I've adapted the answer to how to perform coordinates affine transformation using python? part 2 as follows:
import numpy as np
coords = [
{"pixel": {"x": 610, "y": 1673}, "lnglat": {
"lng": -119.66622566136141, "lat": 37.71690293889708}},
{"pixel": {"x": 3616, "y": 948}, "lnglat": {
"lng": -119.55987333997541, "lat": 37.739791632115}},
{"pixel": {"x": 156, "y": 1582}, "lnglat": {
"lng": -119.68242540789811, "lat": 37.719168689576634}},
{"pixel": {"x": 1432, "y": 1079}, "lnglat": {
"lng": -119.63773163590452, "lat": 37.733899511112554}},
{"pixel": {"x": 1467, "y": 982}, "lnglat": {
"lng": -119.6365899951677, "lat": 37.73740878429034}},
{"pixel": {"x": 2045, "y": 464}, "lnglat": {
"lng": -119.61643210247348, "lat": 37.75263501532096}},
{"pixel": {"x": 2530, "y": 225}, "lnglat": {
"lng": -119.59904847563081, "lat": 37.759640099263024}},
{"pixel": {"x": 3611, "y": 217}, "lnglat": {
"lng": -119.57440674003465, "lat": 37.769372182124215}},
{"pixel": {"x": 4218, "y": 289}, "lnglat": {
"lng": -119.53927620600871, "lat": 37.7590418448261}},
{"pixel": {"x": 4972, "y": 819}, "lnglat": {
"lng": -119.51283799895947, "lat": 37.7451015130886}},
{"pixel": {"x": 4869, "y": 1178}, "lnglat": {
"lng": -119.5150031101931, "lat": 37.73452849532761}},
{"pixel": {"x": 4858, "y": 1268}, "lnglat": {
"lng": -119.51537412573026, "lat": 37.731943969799104}},
{"pixel": {"x": 4637, "y": 1307}, "lnglat": {
"lng": -119.52293169964986, "lat": 37.730726899819345}},
{"pixel": {"x": 4284, "y": 1599}, "lnglat": {
"lng": -119.53520554208092, "lat": 37.72240153076238}},
{"pixel": {"x": 4150, "y": 1676}, "lnglat": {
"lng": -119.53996905111126, "lat": 37.71984653680312}},
{"pixel": {"x": 3432, "y": 1989}, "lnglat": {
"lng": -119.56520552108367, "lat": 37.70994983543632}},
{"pixel": {"x": 2965, "y": 1408}, "lnglat": {
"lng": -119.58234774459186, "lat": 37.72663636959598}},
{"pixel": {"x": 2560, "y": 1921}, "lnglat": {
"lng": -119.59584076119313, "lat": 37.712008849961066}},
{"pixel": {"x": 1840, "y": 1593}, "lnglat": {
"lng": -119.6231396666414, "lat": 37.72018991118786}},
{"pixel": {"x": 1140, "y": 1590}, "lnglat": {
"lng": -119.64782744839357, "lat": 37.71938854312988}},
]
pixel_coordinates = np.array([[coord['pixel']['x'], coord['pixel']['y']] for coord in coords])

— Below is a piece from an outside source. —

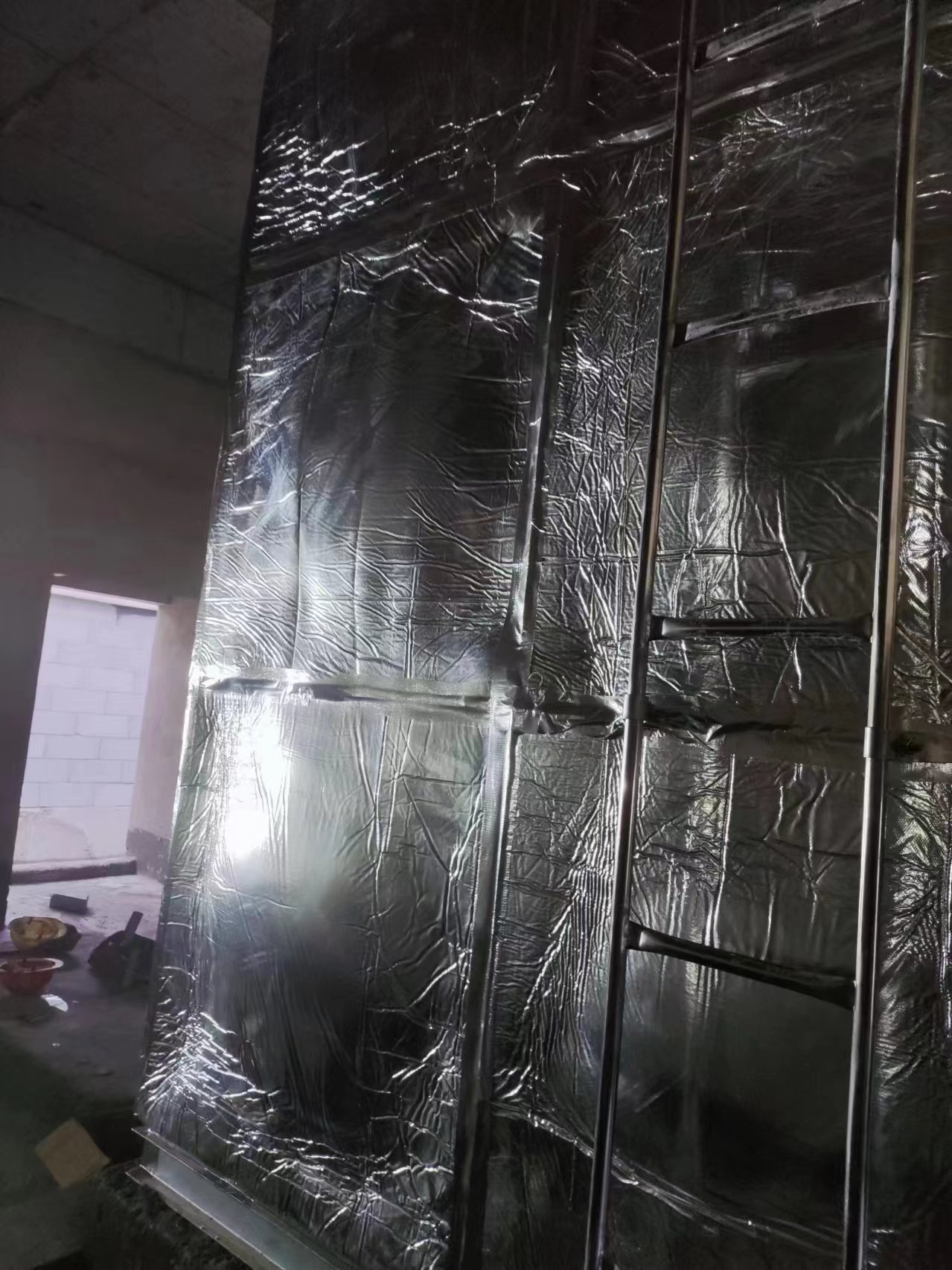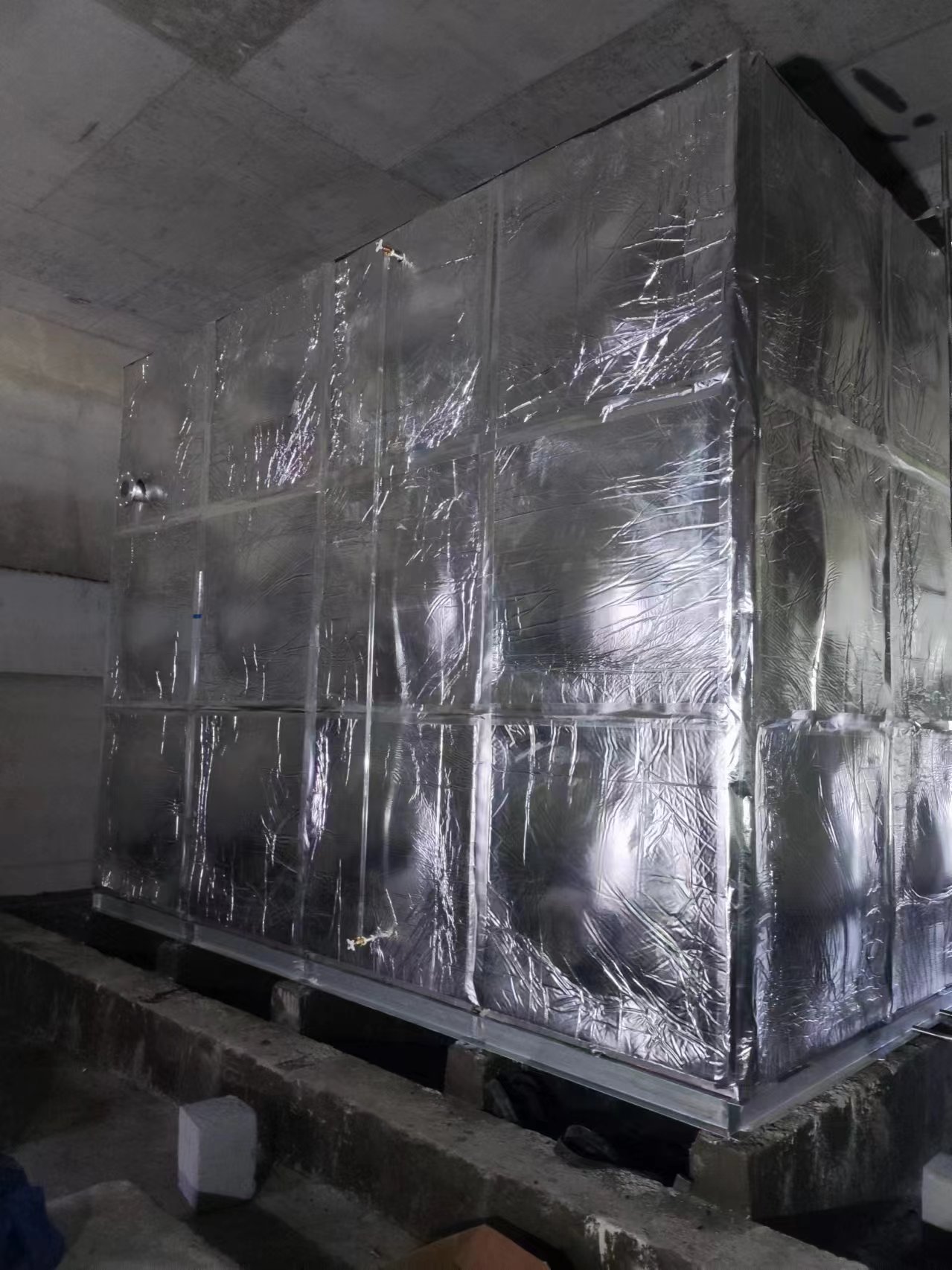 我司承接的山西省大同市中建三局職業技術學院辦公樓屋頂高位消防水箱項目,已經安裝試水完成。此水箱為高位鍍鋅鋼板消防水箱,外表做了橡塑鋁箔布保溫層,鋁箔橡塑保溫材料為閉泡式結構,且表面平整光滑,所以外界空氣中的水汽很難滲透到材料之中,保冷保溫不必再添加隔汽層,從而獲得較佳的導熱系數,它的陰濕因子大于4.5×103,使它的整體既是保溫層又是防潮層。因此適用于多種防火要求較高的場所使用。

lnglat_coordinates = np.array([[coord['lnglat']['lng'], coord['lnglat']['lat']] for coord in coords])
# Pad the data with ones, so that our transformation can do translations too
n = pixel_coordinates.shape[0]
def pad(x):
return np.hstack([x, np.ones((x.shape[0], 1))])
def unpad(x):
return x[:, :-1]
X = pad(pixel_coordinates)
Y = pad(lnglat_coordinates)
# Solve the least squares problem X * A = Y
# to find our transformation matrix A
A, res, rank, s = np.linalg.lstsq(X, Y, rcond=None)
def transform(x):
return unpad(np.dot(pad(x), A))
print("Target:")
print(lnglat_coordinates)
print("Result:")
print(transform(pixel_coordinates))
print("Max error:", np.abs(lnglat_coordinates - transform(pixel_coordinates)).max())
print(A)
The resulting matrix A
looks like this:
[[ 3.55857577e-05 8.98377941e-07 2.81630741e-18]
[ 3.43101520e-06 -2.97714115e-05 -8.56519716e-18]
[-1.19693144e+02 3.77657997e+01 1.00000000e+00]]
I would expect it to have the form
[[scale 0 0]
[0 -scale 0]
[a b 1]]
What I notice is that the independently derived values of scale
actually differ by ~16% and that the off-diagonal columns which are supposed to be zero aren't.
(In practice, I also notice that the overlay computed with this algorithm is significantly off, as shown below with partial opacity. Note how the roads appear to be shifted to the northwest).
Is there any way to impose these constraints on the least-squares estimation of the affine transformation - that is, to ensure that the transformation consists of scaling and translation only (no skewing or rotation)?